Dataset content |
+++++

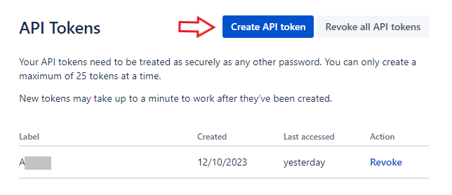 - Select "Create an API token" and assign a label to your new token.
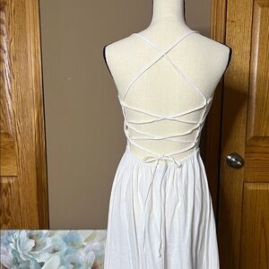 Chic white maxi dress with a flowing silhouette. Perfect for versatile styling. Aline Spaghetti Strap Backless.
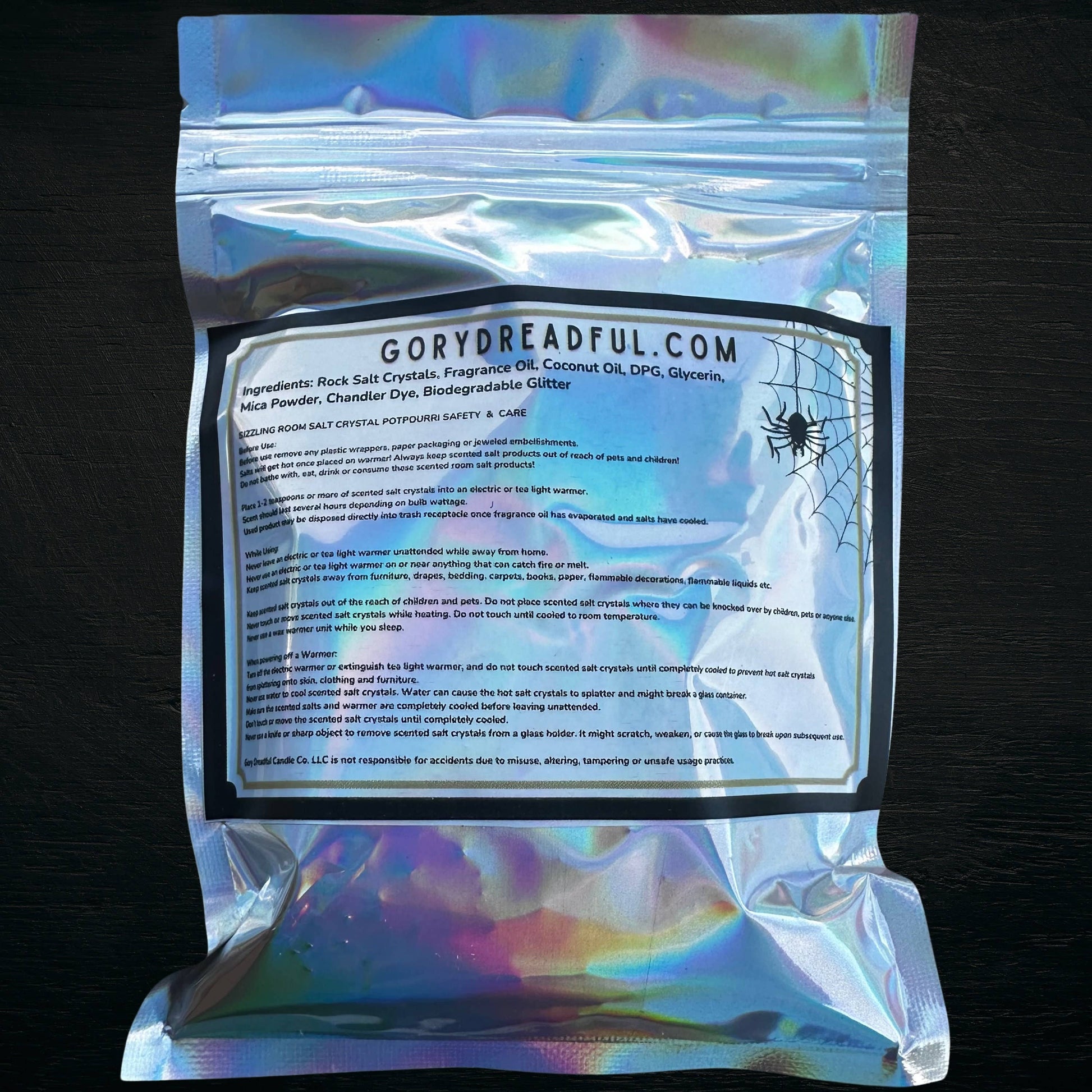 Packed in a resealable holographic bag to pour directly into warmer dish. Silver Metallic organza bag and bamboo scoop included for use as potpourri.
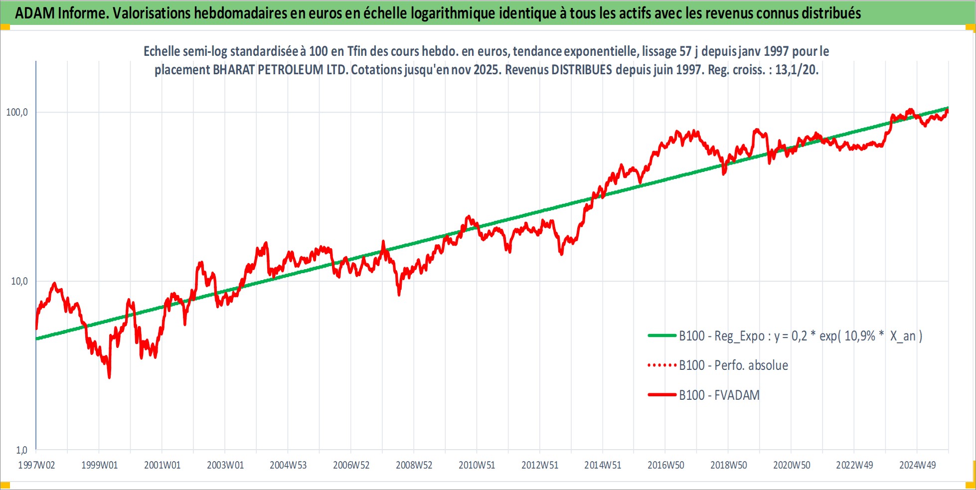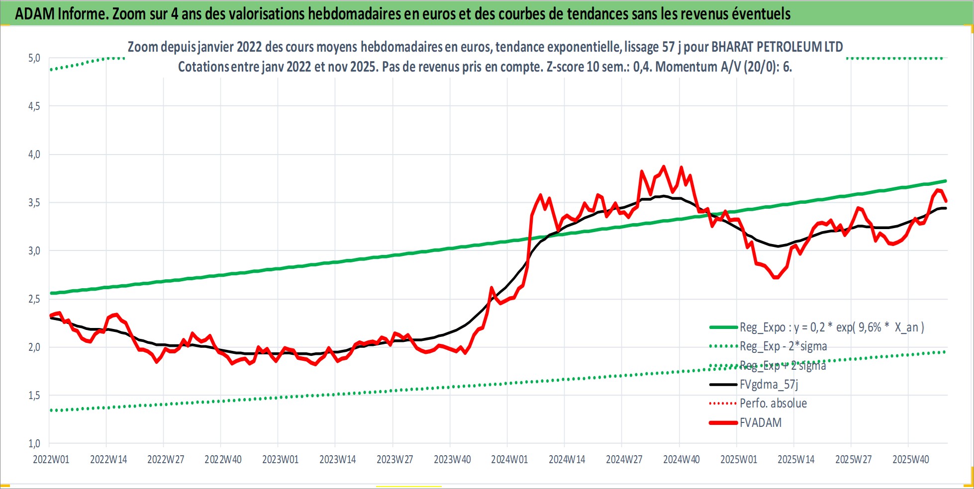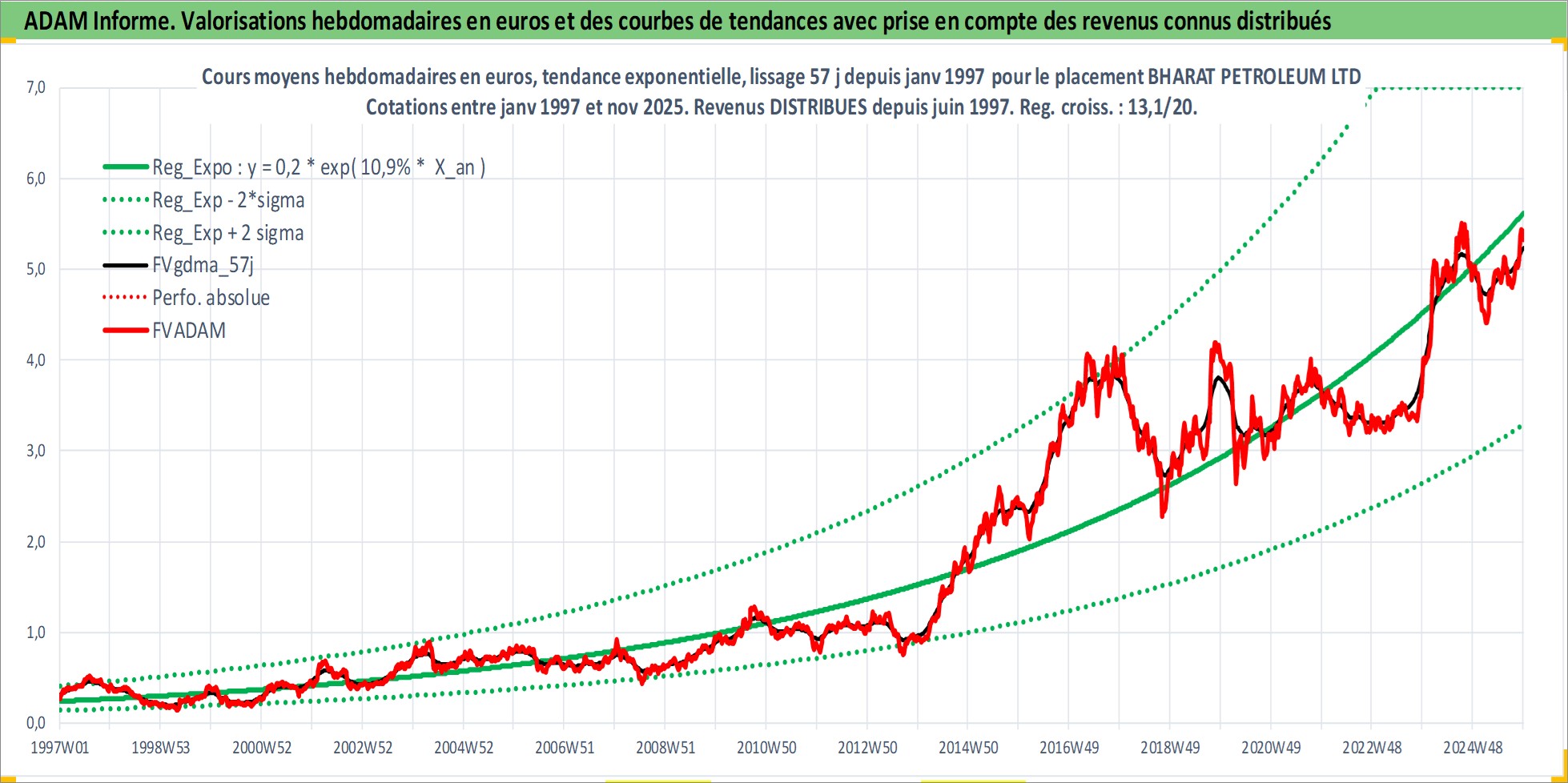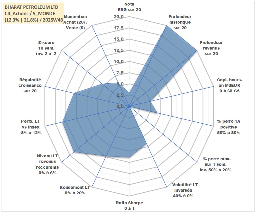 Site dédié aux investisseursPage dédiée sur site financeAnalyse des valorisations hebdomadaires de l'action BHARAT PETROLEUM LTD. Cet actif est cote en INR. Les valorisations sont en contrevaleur EURO et couvrent les semaines 1997W01 a 2025W48. Les revenus de cet actif financier sont pris en compte depuis la semaine 1997W26. La note globale ESG de cet actif est estimee a 3.0 (apres rebasage entre 0 et 20).

+++++

The task |
Set the listing down exactly, without its pictures.

Response area |
 - Select "Create an API token" and assign a label to your new token.
 Chic white maxi dress with a flowing silhouette. Perfect for versatile styling. Aline Spaghetti Strap Backless.
 Packed in a resealable holographic bag to pour directly into warmer dish. Silver Metallic organza bag and bamboo scoop included for use as potpourri.
 Site dédié aux investisseursPage dédiée sur site financeAnalyse des valorisations hebdomadaires de l'action BHARAT PETROLEUM LTD. Cet actif est cote en INR. Les valorisations sont en contrevaleur EURO et couvrent les semaines 1997W01 a 2025W48. Les revenus de cet actif financier sont pris en compte depuis la semaine 1997W26. La note globale ESG de cet actif est estimee a 3.0 (apres rebasage entre 0 et 20).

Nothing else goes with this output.